The analyses for postdoctoral scientists assumes a 5-year window for completion of the post-doc training. Trainees entering the study in spring of 2015 are distributed evenly across the five years it takes to complete the average term. Five years is just beyond a median term completion time and therefore will result in a conservative number of postdoctoral scientists (an underestimate) continuing each year. To model a reasonable rate of progression for continuing postdoctoral scientists, the postdoctoral scientists entering the study in the spring of 2015 (6,273) is divided by five years to yield 1,255 completers per year from 2016 forward. Each cohort between 2015 and 2018 will include 1,568 new postdoctoral scientists, and a final cohort of 1,098 in the final year.
The analyses revealed that a minimum sample size of 132 will be required to detect a small effect (.2) under the most conservative scenario outlined above, at a power level of .80. The response and attrition calculations of the overall sample shows that the anticipated within-year samples sizes comfortably exceed this minimum in the years 2016 through 2021. Also, the number of timepoints available for analysis increases as the study moves farther along, enabling greater power to detect BEST programming effects that may exist.
Therefore, in conclusion, the analyses demonstrate that for outcome 1, sufficient sample sizes in both populations can be expected to achieve adequate power (.80).
Post Graduate Employment Outcomes
To gauge the degree to which the analysis is sufficiently powered for the post graduate employment outcomes, the nQuery (2014)3 statistical software package was used to derive preliminary power estimates based on minimum expected sample sizes. The simulation was run based on the assumption that 80% of graduates will be unemployed at the end of the first quarter after graduating. The survival is reduced by 10% each quarter thereafter, so that in the final period, 10% of students are still seeking employment.
Simulations were run for post graduate employment measures for both graduate students and postdoctoral scientists. The simulations assumed a possible 25% difference in time to employment (i.e. the program effect), and a more conservative 20%. At anticipated sample sizes, the study was found to be powered under both assumptions and for both populations. For graduate students, the estimate of power was based on 10,000 simulations of the study with a seed for the random number generator of 536333. At a 25% effect, the estimated power was found .96 and at a 20% effect, the estimated power was found to be .85. Similarly, for postdoctoral scientists, the estimate of power was based on 10,000 simulations of the study with a seed for the random number generator of 563747. For this population, at a 25% effect, the estimated power was found .99 and at a 20% effect, the estimated power was found to be .97.

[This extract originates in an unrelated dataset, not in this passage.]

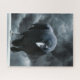 Um corvo negro em um quebra-cabeça de serra-de-vidro de um dia tempestuoso.
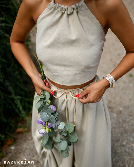 Open Back Linen Top - Sand Beige by Bazerdzan Wear

The data collection activities include online surveys for graduate students and postdoctoral scientists, phone interviews with program staff from the awardee institutions, and a Data Form for PIs to provide information requested in the RFAs for the BEST program.
Procedures for Online surveys
Data will be gathered from graduate students and postdoctoral scientists using a common set of survey questions, which the NIH has developed with input from awardee institutions. Based on the awardee institution’ preference and capacity, two approaches will be used:
Approach 1: Some surveys will be administered by the awardee institution and some surveys will be administered by the NIH.
The Awardee, on behalf of NIH, will administer the Entrance, Interim, and Exit surveys to graduate students while they are enrolled at the awardee institution, and the Entrance survey to postdoctoral scientists while they are employed by the awardee institution during the grant period. The invitations when the awardee institutions administer the surveys are in Attachments B.2.1.1 and B.2.1.2. B.2.1.1 contains the invitation for graduate students, and Attachment B.2.1.2 contains the invitation for postdoctoral scientists.
The NIH will administer:
Exit surveys for up to four years after the grant ends to graduate students who receive Entrance surveys during the grant period, but graduate after the grant ends;
Exit surveys to postdoctoral scientists;
Post-exit surveys at 2, 6, 10, and 15 years after graduate students and postdoctoral scientists complete the Exit survey.
Approach 2: All surveys will be administered by the NIH. The NIH will administer:
Entrance, Interim, and Exit surveys to graduate students while they are enrolled at the awardee institution;
Entrance survey to the postdoctoral scientists while they are employed by the awardee institution during the grant period;
Exit surveys for up to four years after the grant ends to graduate students who receive Entrance surveys during the grant period, but graduate after the grant ends;
Exit surveys to postdoctoral scientists; and
Post-Exit surveys at 2, 6, 10, and 15 years after graduate students and postdoctoral scientists complete the Exit survey.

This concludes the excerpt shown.